Thank you for joining us in person and online for the 17th Annual Legislative Town Hall on Intellectual, Developmental, and other Disabilities!
Watch the 17th Annual Legislative Town Hall here
The TRE Board of Directors and staff take seriously our role in contributing to thoughtful public policy and legislative advocacy that benefits the people we serve and their families. Legislation and the Rules and Regulations that result from it can significantly impact the people we serve and TRE’s ability to support them in a person-centered way.
Our focus tends to focus on the following areas:
Legislative Town Hall. Each year, TRE and our partners host a Legislative Town Hall that introduces the people we serve and their families to members of our local, state, and federal elected delegations. Through the Town Hall, which we launched in 2006, stakeholders and constituents of Colorado’s system of supports engage the people we all elect to public office to share concerns and hopes, challenges and opportunities. These Town Halls also enable TRE to understand firsthand the areas on which we need to focus and in what ways our voices are most needed. This plays a profound role in setting our public policy and legislative advocacy priorities.
Lobbying. To ensure our voice is being heard in Denver, TRE maintains a relationship with a paid, professional lobbyist to advocate for our community. Our lobbyist, Ed Bowditch, has a Master’s Degree in Public Policy from Harvard University and an undergraduate degree from Colorado College in History/Political Science. His professional experience includes having spent three years on staff at Legislative Council, seven years as senior staff to the Joint Budget Committee (JBC), and one year as Deputy Director of the Governor’s Office of State Planning and Budgeting (OSPB). He possesses an unparalleled familiarity with the state budget process and has been working exclusively as a lobbyist since 2007.
Regulatory Modernization. The Regulations that govern Colorado’s system of supports for people with IDD last underwent a major reform in the late 1980s. In the interim, the system and the people it is intended to support have evolved dramatically. Current regulations are, in many cases, irrelevant to a 21st century system and do nothing meaningful to influence the quality of life of people with IDD. Regulations also drive costs. Colorado services for people with IDD are monitored by four State Departments, including Human Services, Health Care Policy and Financing, Public Health and Environment, and Regulatory Affairs, inevitably resulting in an unnecessarily complex and difficult system to navigate. We also must concern ourselves with the need to have a system of regulations that support self-determination to the fullest possible extent. We believe the Colorado service system for people with IDD and their families must be modernized in a way that assures scarce resources are dedicated to people and their families rather than spend them on outdated and outmoded compliance concerns.

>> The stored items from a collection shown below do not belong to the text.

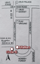 ![]() モンキーフォレストから王宮方面に向かい、コンビニ(アルファーマート)の前から左に入ると、50メートル先です。 |
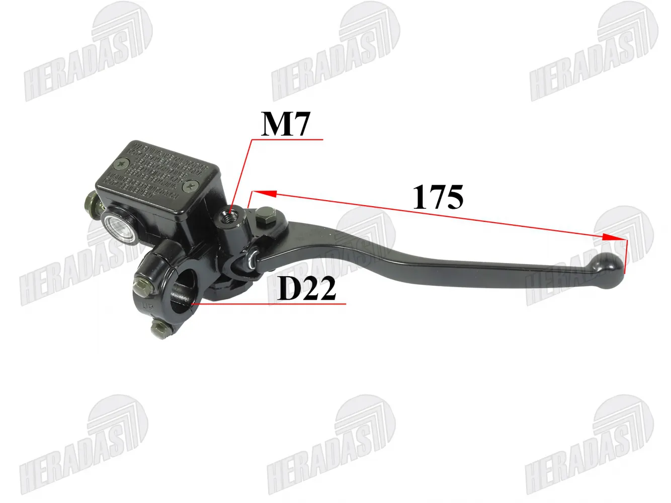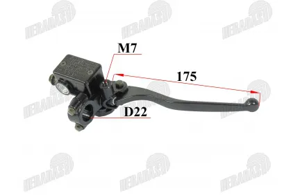 Stabdžių rankenėlė dešinės pusės su hidrocilindru keturračiui, motociklui, motoroleriui L180 su mikrojungikliu stop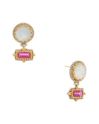 Dome Silver & 18k Gemstone & Pearl Drop Earrings In Brown

Waiver Consolidation. Long-Term Medicaid waivers (also called Home and Community Based Services) in Colorado, include four waivers designed specifically for people with IDD. We continue to push for streamlining and making these services simpler to navigate, as well as weighing in on complications that may arise as a result of consolidation. Our litmus test in any such consideration is whether or not consolidation will increase service flexibility, transition the service system from system-directed to person-directed, and result in spectacular outcomes for people with IDD and their families.

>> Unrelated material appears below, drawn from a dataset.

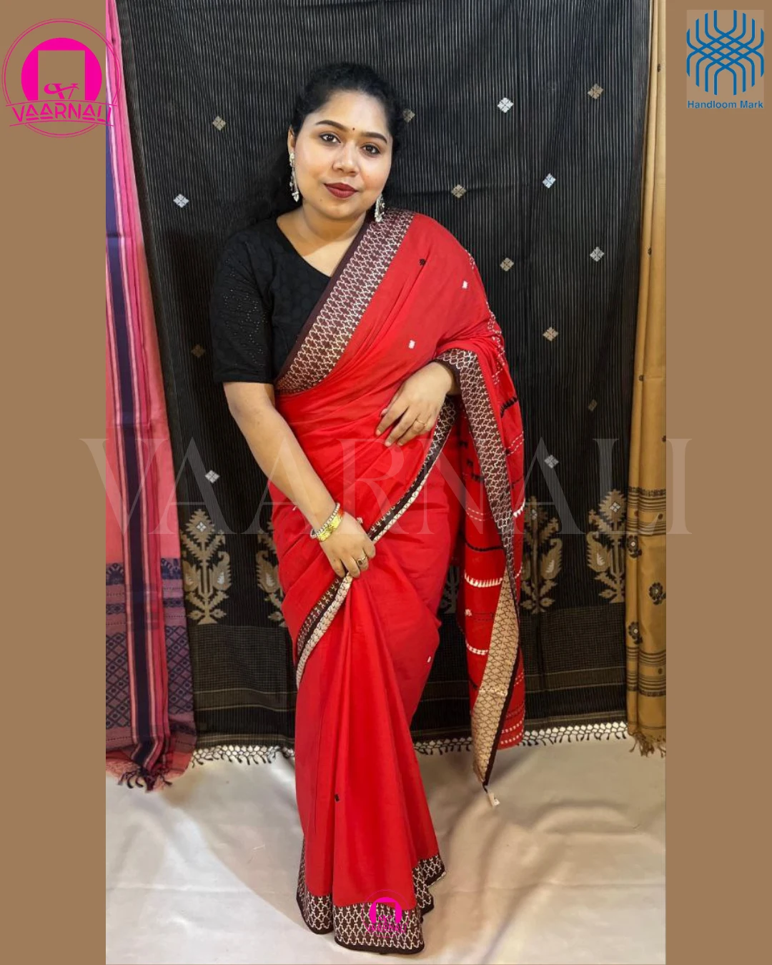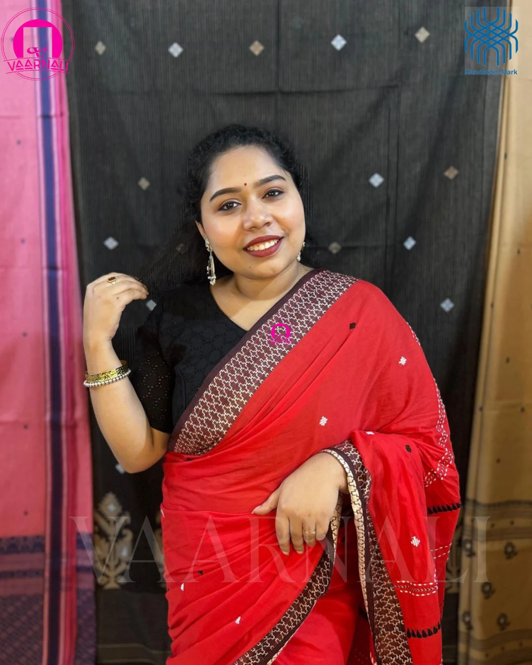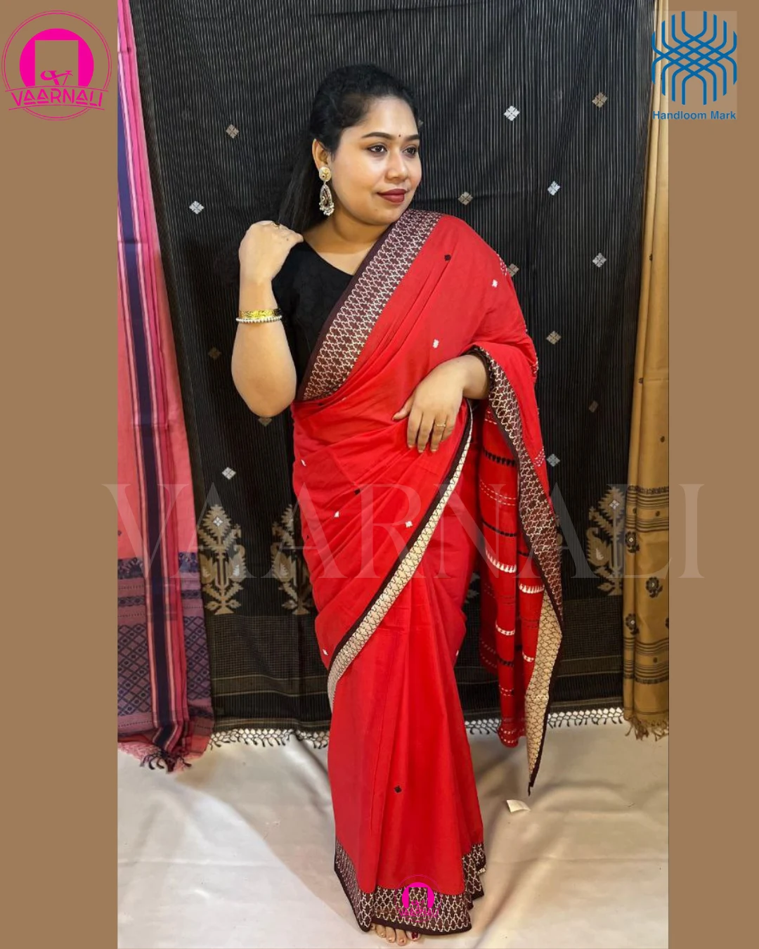 Step into the world of authentic Bengali handloom artistry with VAARNALI's stunning red Dhonekhali cotton saree. This exquisite piece embodies the rich weaving tradition of West Bengal's Dhonekhali region, where master weavers have perfected their craft over generations. The vibrant red body adorned with delicate motifs and complemented by a contrasting black border creates a mesmerizing visual symphony that captures attention effortlessly.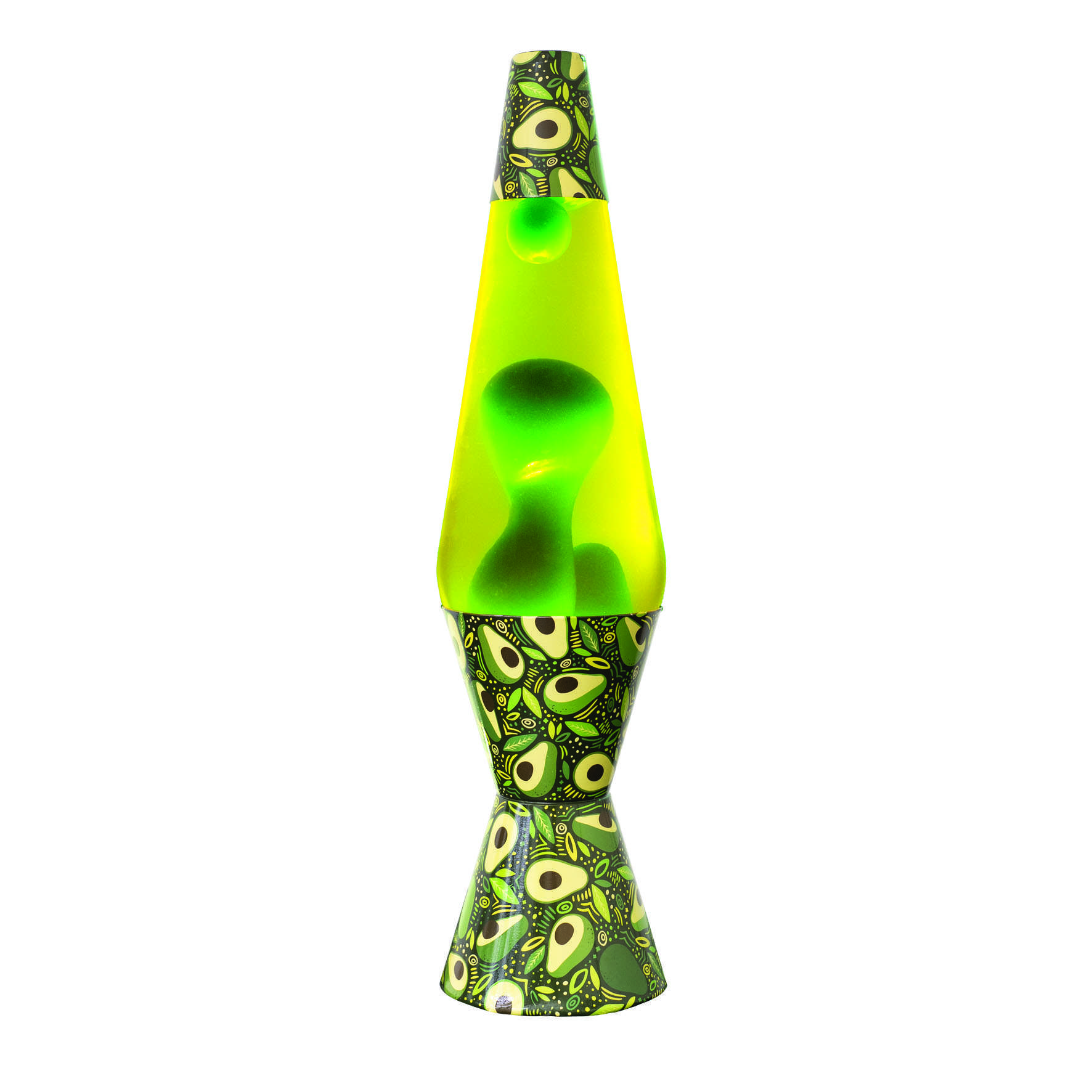 - Features yellow liquid with green lava that swirls and ripples when lit

Strategic Financing. Always a hot topic, the ways in which and amounts of investments and ongoing financing of Colorado services for people with IDD are a central focus for TRE. Over the past 15 years, funding for services to people with IDD in Colorado has lagged costs of doing business by over 25%. The result has been inevitable erosion of system capacity that can keep pace with demand.

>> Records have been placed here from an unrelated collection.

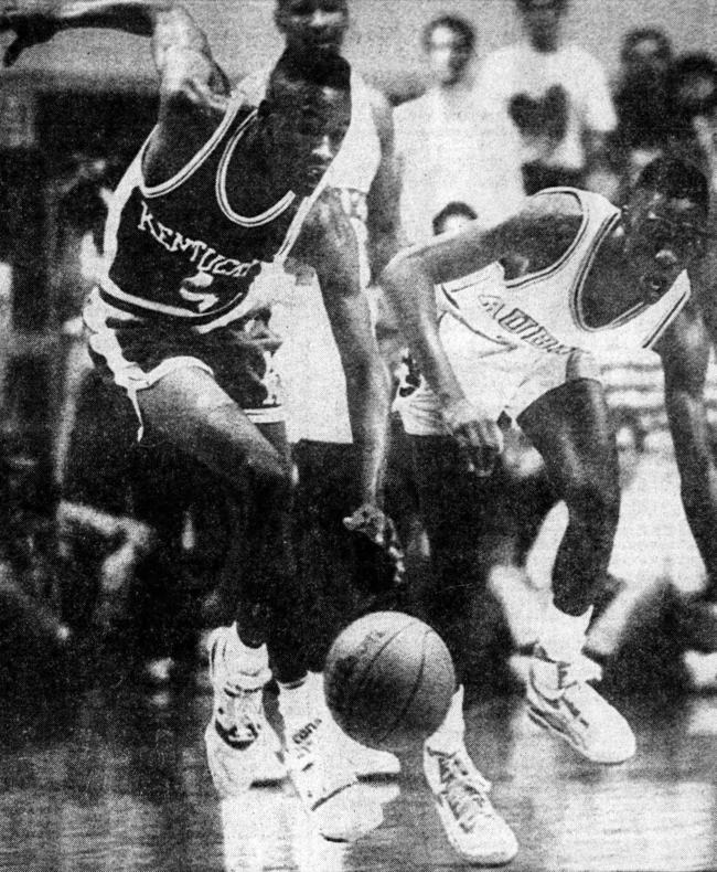 Derrick Miller beats Auburn's Larry Patrick to the ball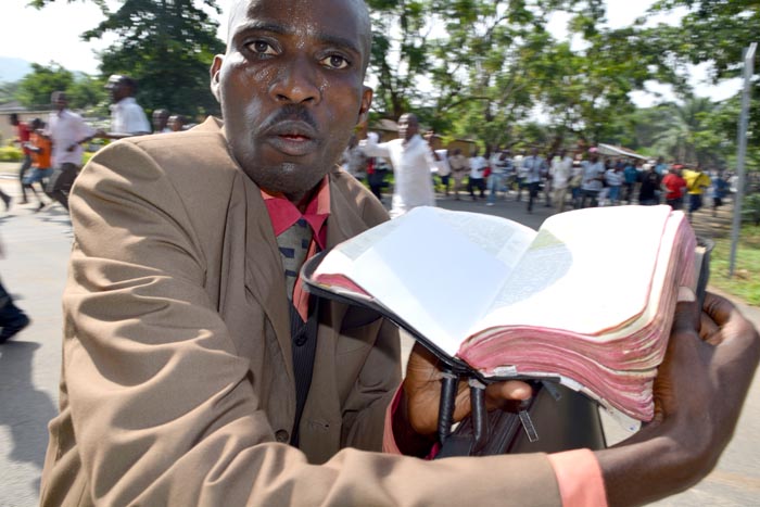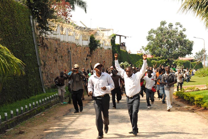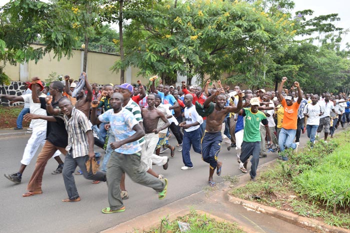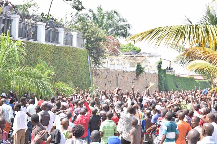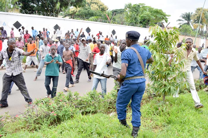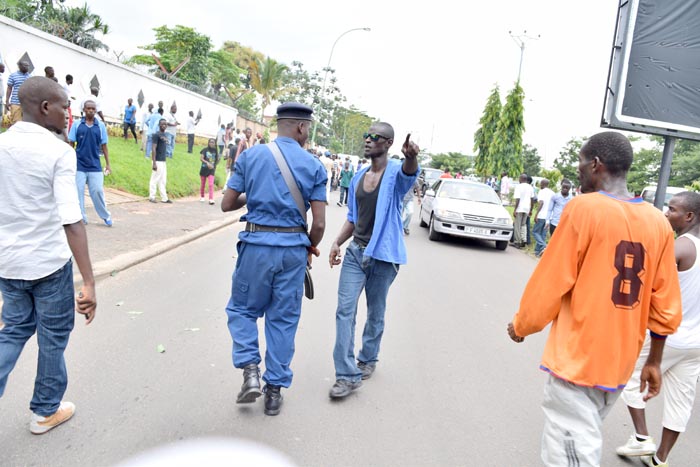 Lundi, 15 décembre 2014 – Le véhicule transportant Agathon Rwasa au milieu de ses sympathisants ©R.N /Iwacu Lundi, 15 décembre 2014 – Pendant la manifestation, certains sympathisans ont été arrêtés ©R.N /Iwacu Lundi, 15 décembre 2014 – Pour exprimer leur soutien, certains sont venus avec des affiches pour réclamer que justice soit faite pour tous ©R.N /Iwacu Lundi, 15 décembre 2014 – Au boulevard du 28 novembre au retour des sympathisants à M. Rwasa à leur domicile. La police s’est interposée pour empêcher que la manifestation ne dégénère ©R.N /Iwacu Lundi, 15 décembre 2014 – Ce militant brandit les écritures saintes comme témoin ©R.N /Iwacu Lundi, 15 décembre 2014 – Ce militant brandit les écritures saintes comme témoin ©R.N /Iwacu Lundi, 15 décembre 2014 – Des sympathisans se rendant au domicile de M. Rwasa ©R.N /Iwacu Lundi, 15 décembre 2014 – Devant le domicile de M. Rwasa, la foule attendait son discours d’apaisement ©R.N /Iwacu Lundi, 15 décembre 2014 – Agathon Rwasa : « Le ministère public et les juridictions ordinaires sont incompétents à statuer sur le cas des politiques bénéficiant d’une immunité provisoire. » ©R.N /Iwacu Lundi, 15 décembre 2014 – Acharnement entre ce policier et les sympathisans de M. Rwasa au boulevard du 28 novembre ©R.N /Iwacu Lundi, 15 décembre 2014 – Entonnant des chansons, ces manifestants prennent la route vers Kiriri, au domicile de M. Rwasa ©R.N /Iwacu Lundi, 15 décembre 2014 – Il a fallu qu’Agathon Rwasa prononce un discours d’apaisement pour que ses sympathisans venus le soutenir rentrent ©R.N /Iwacu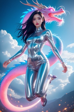 (masterpiece,top quality,best quality,official art,beautiful and aesthetic:1.2),(full body:1),Dynamic Angle,Perspective,High Point,pov,(Fisheye lens:1.2),jumping,blue eyes,A mature face,sideways glance,(cold attitude,eyeshadow,eyeliner:1.1),(red lips:1.2),watery eyes,A shot with tension,(sky glows,Visual impact,giving the poster a dynamic and visually striking appearance:1.2),Chinese Zen style,impactful picture,robotic girl,,JKBB,Multiple light sources on the body,,eastern dragon,

TRE believes that rates that support services for people with IDD and their families should keep pace with costs. We also believe that Colorado should consider making targeted, surgical investments in system capacity to assure that people with IDD and their families have viable service options in their home communities. Finally, we believe that our system’s regulatory framework is duplicative and reflects an out-of-favor paternalism that both drives unnecessary costs and precludes the fullest expression of self-determination by people with IDD. To provide a sense of scale, if our system could find a 5% reduction in costs related to duplicative, out of date regulation, it could save the Colorado system as much as $17.5 million or more. We must continue to push for a multi-faceted, strategic approach to system financing to assure the system is investing in the right things to benefit people with IDD and their families.